Latest revision as of 17:54, 26 May 2025

Overview

Data engineering - software engineering with an emphasis on dealing with large amounts of data

What is Data Engineering

Enable others to answer questions using datasets, within latency constraints

Components:

Distributed systems
Parallel processing
Databases
Queuing

Purpose?

Human fault tolerance
Metrics
Monitoring
Multi-tenancy

Example of where you start:

Searches by keyword/user only
Basic statistics only
Using someone else's search engine

Example stack:

Custom crawlers ingesting data (Gearman)
Passing data off to custom workers
Dumping data to MySQL/Sphinx/etc

Problems:

Inflexibility
Corruption is highly probable
High burden on operations
No scalability
No fault tolerance

Alternative stack:

Many collectors dumping to Amazon S3
Analysis with Hadoop
ElephantDB
Low latency (but lead time of several hours)
More advanced statistics (influencer of, influenced by)

Data pipeline example:

Tweets go to S3
URLS are normalized
Each hour, new compute bucket
Sum by hour and by url
Emit ElephantDB indices

Another data pipeline example:

Tweets go to Kafka
URLs are normalized
Each hour, new compute bucket
Update hour/url bucket
Send data to Cassandra

Clojure example:

tweet reactor/tweet reaction/tweet reshare/now-secs/interaction/interaction-scores
serialization of data using thrift

Infrastructure components:

HDFS - distributed in-memory big data filesystem
MapReduce - operations on HDFS data
Kafka - messaging queue (and later, distributed processing on messages)
Storm - distributed processing
Spark - distributed, parallelized computation on HDFS data
Cassandra - scalable database
HBase - database operating on top of HDFS
Zookeeper - highly reliable distributed coordination (maintain config info, naming, synchronization, and multiple services)
ElephantDB - like a NoSQL Hadoop store - key/value data in Hadoop

Multi-tenancy:

Independent applications on a single cluster
Topologies should not affect each other
Topologies should have adequate resources (Apache Mesos)
When submitting a job, specify resources needed

Data engineering vs data science:

Data engineers have well-defined problems
Data scientists need specialized statistical skills
Data engineers deal with a larger scope - not just analytics

Open source:

Important for recruitment
Strong developers want to work where they can be involved in open source
Popular open-source projects give access to better engineers
identify good recruits, learn best practices, get help - not "free work"

Ideal data engineers:

Strong software engineering skills
Abstraction
Testing
Version control
Refactoring
Strong software engineering skills
Strong algorithm skills
Digging into open source code
Stress testing

Finding strong data engineers:

Standard "code on a whiteboard" interviews are useless
Take-home projects to gauge general abilities
Best: see projects requiring data engineering

Data Engineering Example: Twitter

Data Engineering/Twitter Example

Data Engineering Scenarios

In line with the data-engineering-scenarios Github organization that I created (https://github.com/data-engineering-scenarios), this page will contain notes on different scenarios - both finished and planned.
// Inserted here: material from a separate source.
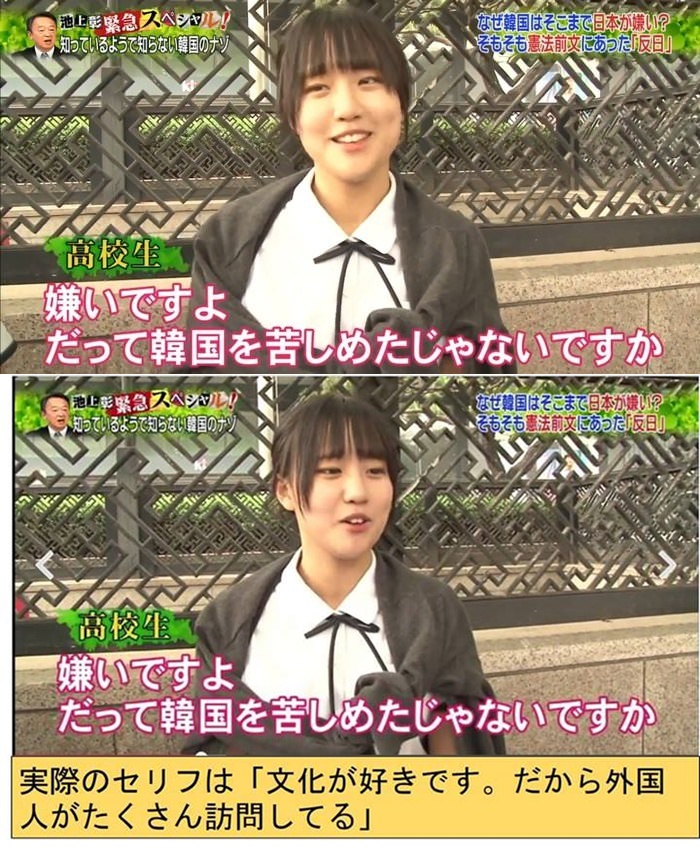 TVの翻訳では「嫌いですよ、だって韓国を苦しめたじゃないですか」と答えているが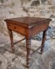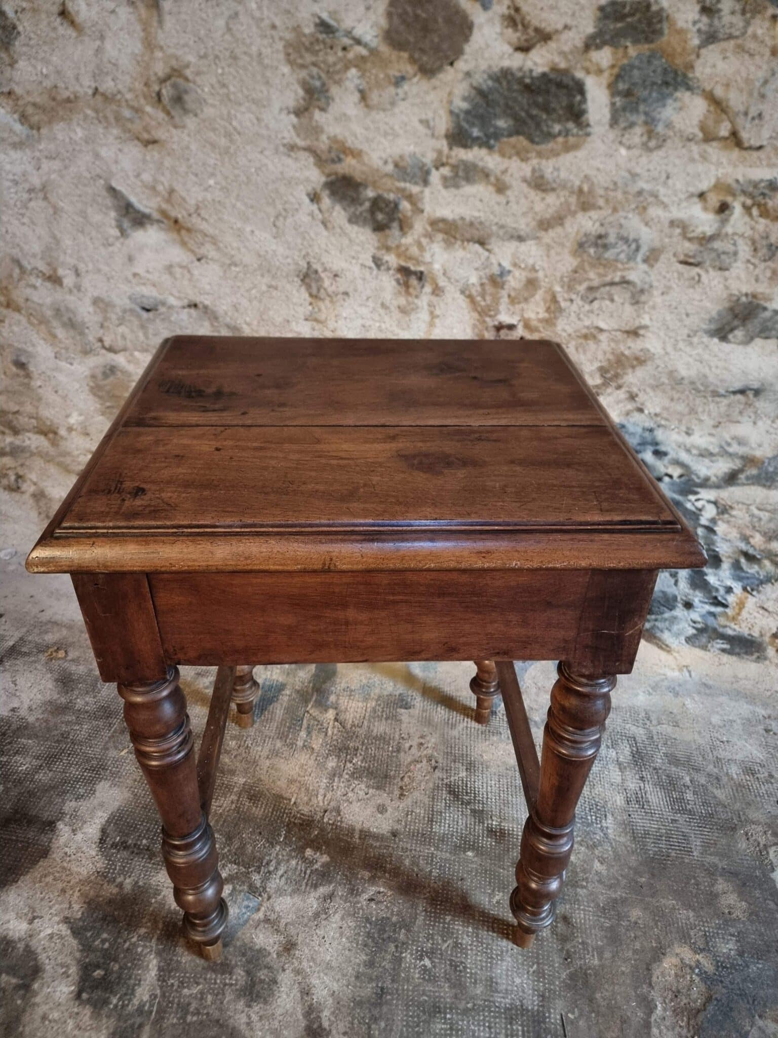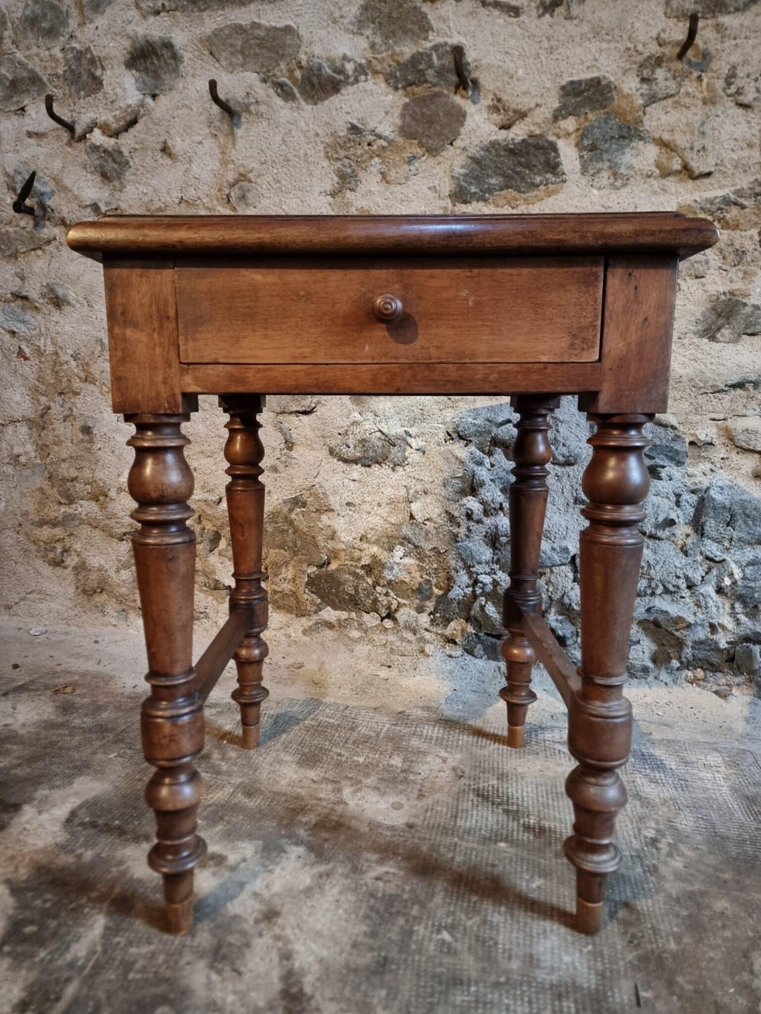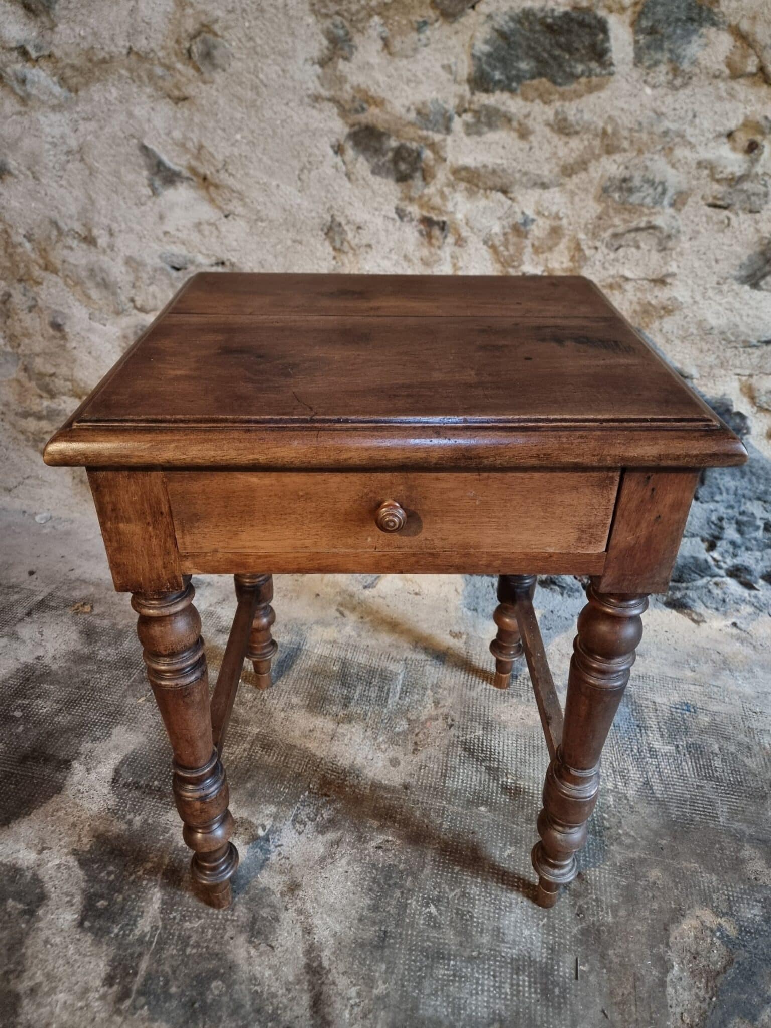 This beautiful solid walnut table features a single drawer with its original wooden knob, and turned legs joined by stretchers for extra stability and elegance.

These scenarios focus on different technologies available via Google Cloud or Amazon Web Services. Roughly, they can be grouped as follows:

Compute Engine

An approach to cloud infrastructure that provides a greater degree of freedom, but requires more complicated configuration. Compute Engine gives you virtual machines that start as bare metal, so you have to build/install any software you need. This can be a pain but also gives you greater control.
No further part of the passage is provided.